= Action item =
Only the lines from the one with "Цель: методика, направленная" through the end of the data below belong in the answer, restated word for word, pictures excluded.

= Data under study =
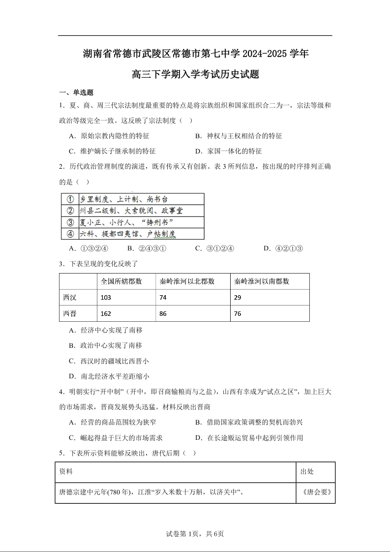 湖南省常德市第七中学2024-2025学年下学期高三开学考试历史+答案
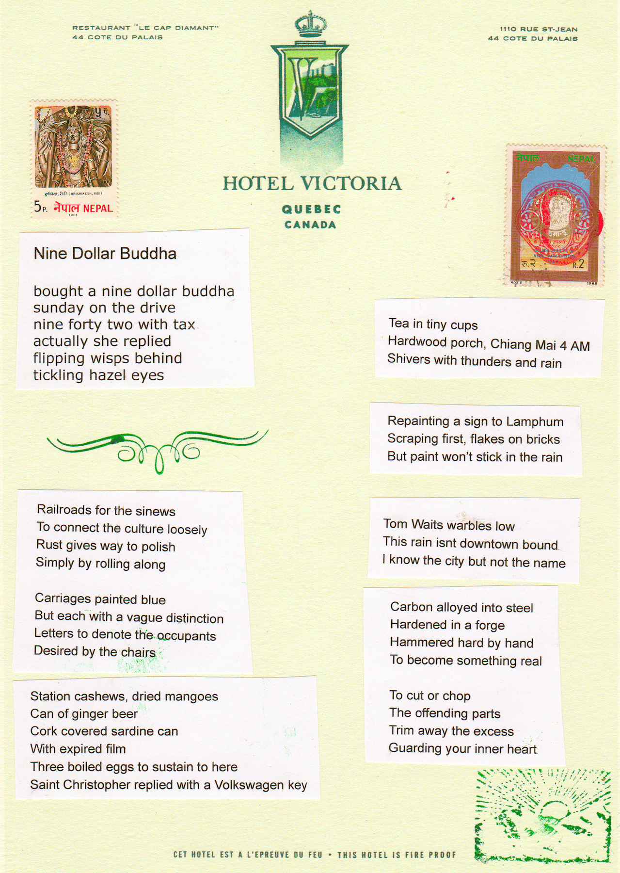 Nine Dollar Buddha – Items: Forgotten in Drawers Tags: ephemera, freeverse, hotel, items forgotten, letterhead, mixed media, poems, poetry, Stationery
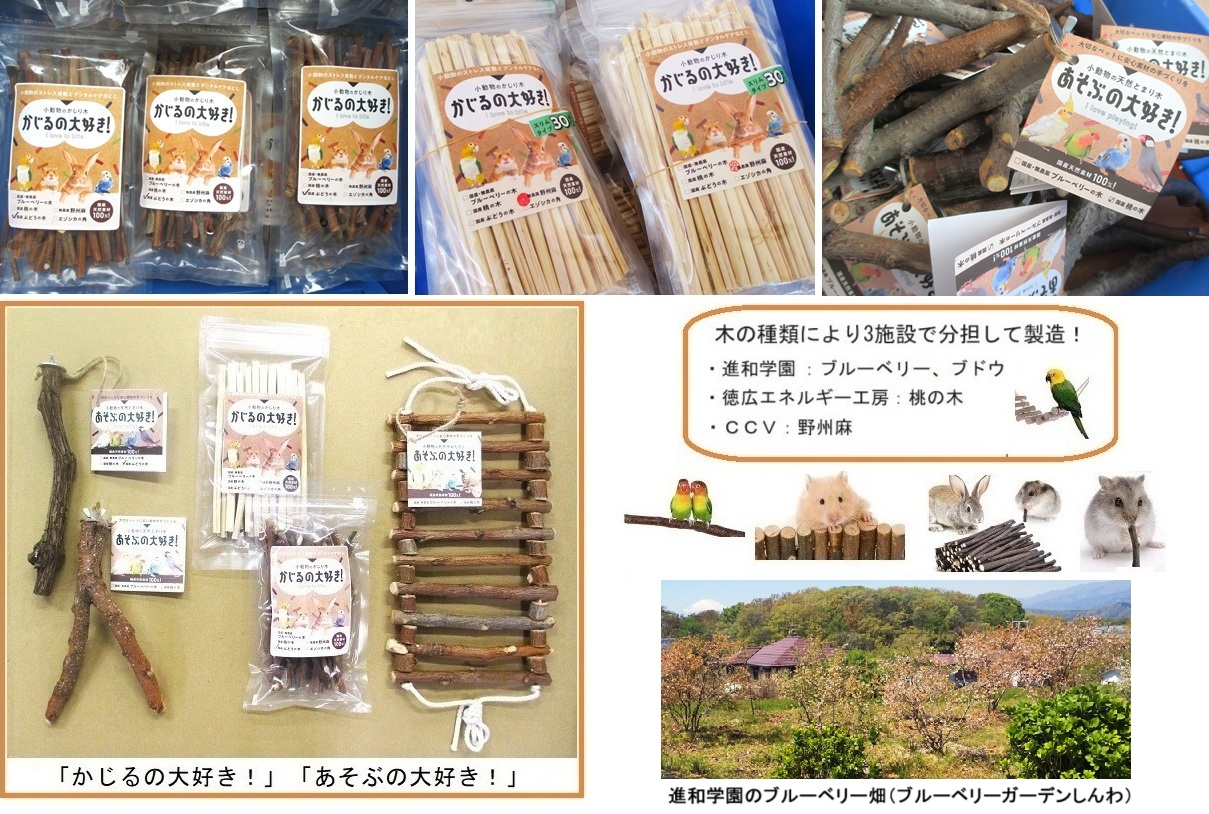 本商品は、小動物(ハムスター、ウサギ、小鳥等)のためのもので、羽塚順子様(MotherNess Publishing代表)の仲介で、一般社団法人徳広エネルギー工房(長野県大町市)及びNPO法人CCV(栃木県鹿沼市)と研進・進和学園が連携して製造・販売しています。
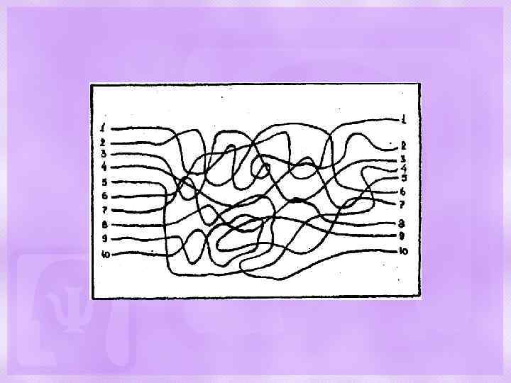 Цель: методика, направленная на проверку устойчивости внимания Возраст: для детей 6 -7 ми лет Методические рекомендации: Ребенку предлагается бланк с переплетенными линиями. Начало каждой линии имеет номер слева. А концы линий пронумерованы справа, номера начала и конца одной и той же линии не совпадают. Ребенку предлагают проследить по порядку все линии глазами, без помощи рук и найти конец каждой линии. При этом вслух называть номер начала линии и ее конца. Необходимо фиксировать время, затраченное на весь тест, а так же остановки, ошибки. На все задание отводится не более 4 -х минут.
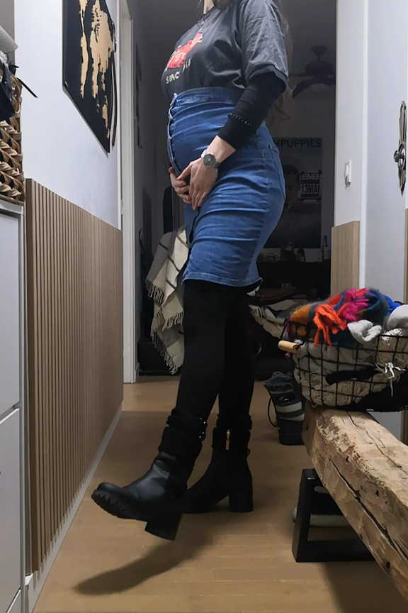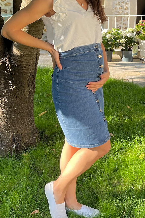 Envolez-vous vers l'รฉlรฉgance confortable avec cette jupe en jean maternitรฉ. Associez-la ร un top fluide pour un look dรฉcontractรฉ-chic. โข Jupe maternitรฉ mi longue en denim โข Taille ajustable haute โข Deux poches plaquรฉes derriรจre โข Fermeture centrale boutonnรฉes โข Deux pinces sur les cรดtรฉs
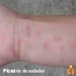 La picazón del nadador (también llamada dermatitis por cercaria o esquistosomiásica) puede aparecer después de jugar en cuerpos de agua donde los caracoles infectados liberan parásitos microscópicos. La erupción es causada por una reacción alérgica a los parásitos, que se encuentran con mayor frecuencia en aguas poco profundas y cálidas cerca de la costa donde los niños tienden a quedarse. Los parásitos se entierran en la piel y hacen que aparezcan pequeñas manchas rojizas y elevadas en la piel que no está cubierta por el traje de baño. También se pueden formar ronchas y ampollas.
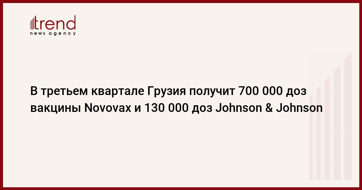 По заявлению главы Национального центра контроля заболеваний Грузии Амирана Гамкрелидзе, в третьем квартале текущего года Грузия получит 700 000 доз вакцины Novovax и 130 000 доз Johnson & Johnson, передает Trend со ссылкой на Грузия Online.
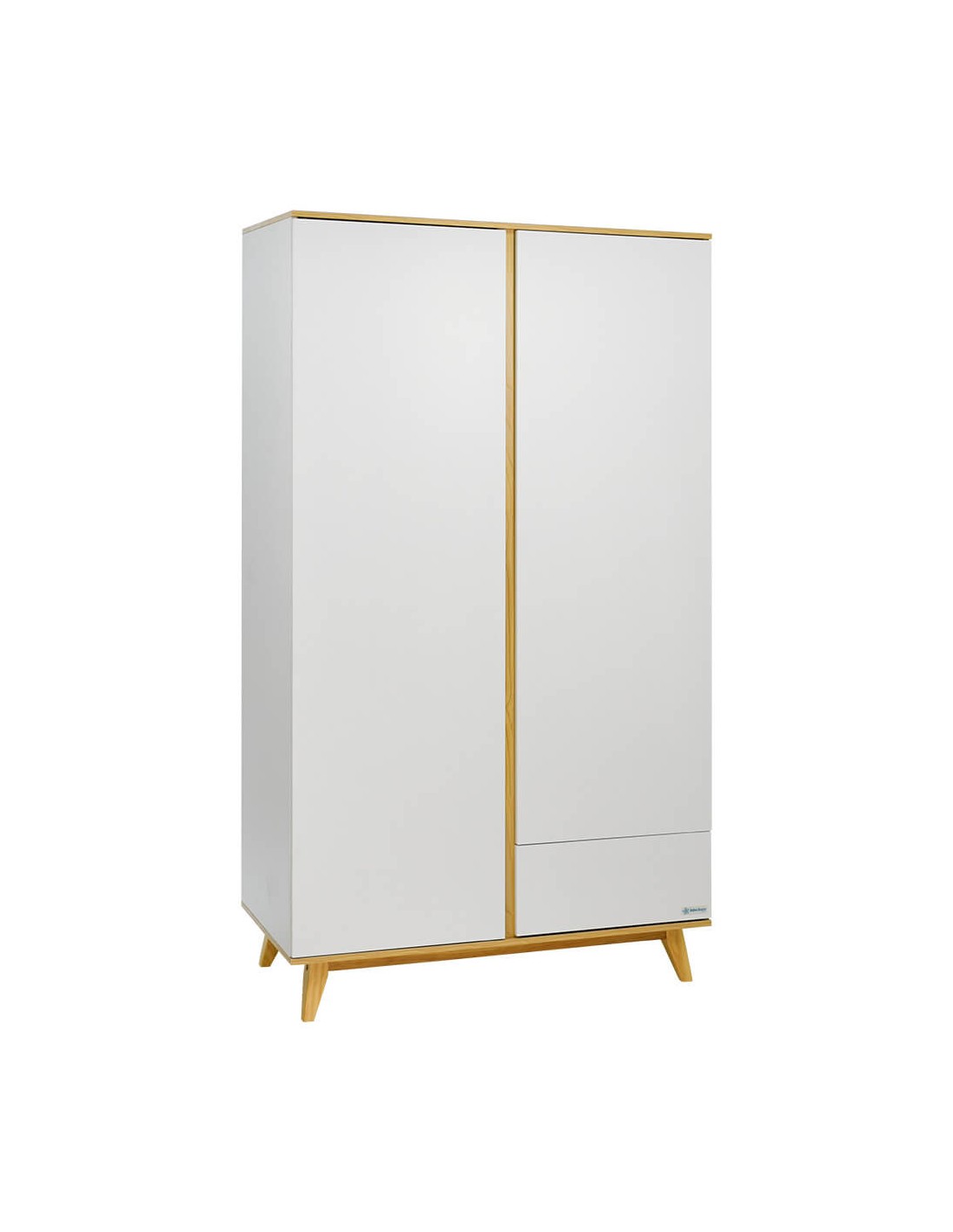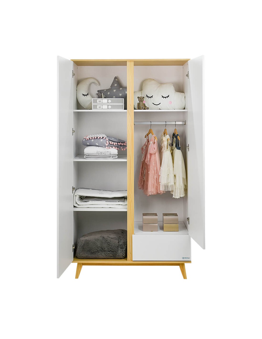 Μοντέρνα δίφυλλη ντουλάπα η οποία διαθέτει, δυο μεγάλες πόρτες, πέντε μεγάλα ράφια, ένα συρτάρι και μία βέργα κρέμασης.

= Response =
 Цель: методика, направленная на проверку устойчивости внимания Возраст: для детей 6 -7 ми лет Методические рекомендации: Ребенку предлагается бланк с переплетенными линиями. Начало каждой линии имеет номер слева. А концы линий пронумерованы справа, номера начала и конца одной и той же линии не совпадают. Ребенку предлагают проследить по порядку все линии глазами, без помощи рук и найти конец каждой линии. При этом вслух называть номер начала линии и ее конца. Необходимо фиксировать время, затраченное на весь тест, а так же остановки, ошибки. На все задание отводится не более 4 -х минут.
 Envolez-vous vers l'รฉlรฉgance confortable avec cette jupe en jean maternitรฉ. Associez-la ร un top fluide pour un look dรฉcontractรฉ-chic. โข Jupe maternitรฉ mi longue en denim โข Taille ajustable haute โข Deux poches plaquรฉes derriรจre โข Fermeture centrale boutonnรฉes โข Deux pinces sur les cรดtรฉs
 La picazón del nadador (también llamada dermatitis por cercaria o esquistosomiásica) puede aparecer después de jugar en cuerpos de agua donde los caracoles infectados liberan parásitos microscópicos. La erupción es causada por una reacción alérgica a los parásitos, que se encuentran con mayor frecuencia en aguas poco profundas y cálidas cerca de la costa donde los niños tienden a quedarse. Los parásitos se entierran en la piel y hacen que aparezcan pequeñas manchas rojizas y elevadas en la piel que no está cubierta por el traje de baño. También se pueden formar ronchas y ampollas.
 По заявлению главы Национального центра контроля заболеваний Грузии Амирана Гамкрелидзе, в третьем квартале текущего года Грузия получит 700 000 доз вакцины Novovax и 130 000 доз Johnson & Johnson, передает Trend со ссылкой на Грузия Online.
 Μοντέρνα δίφυλλη ντουλάπα η οποία διαθέτει, δυο μεγάλες πόρτες, πέντε μεγάλα ράφια, ένα συρτάρι και μία βέργα κρέμασης.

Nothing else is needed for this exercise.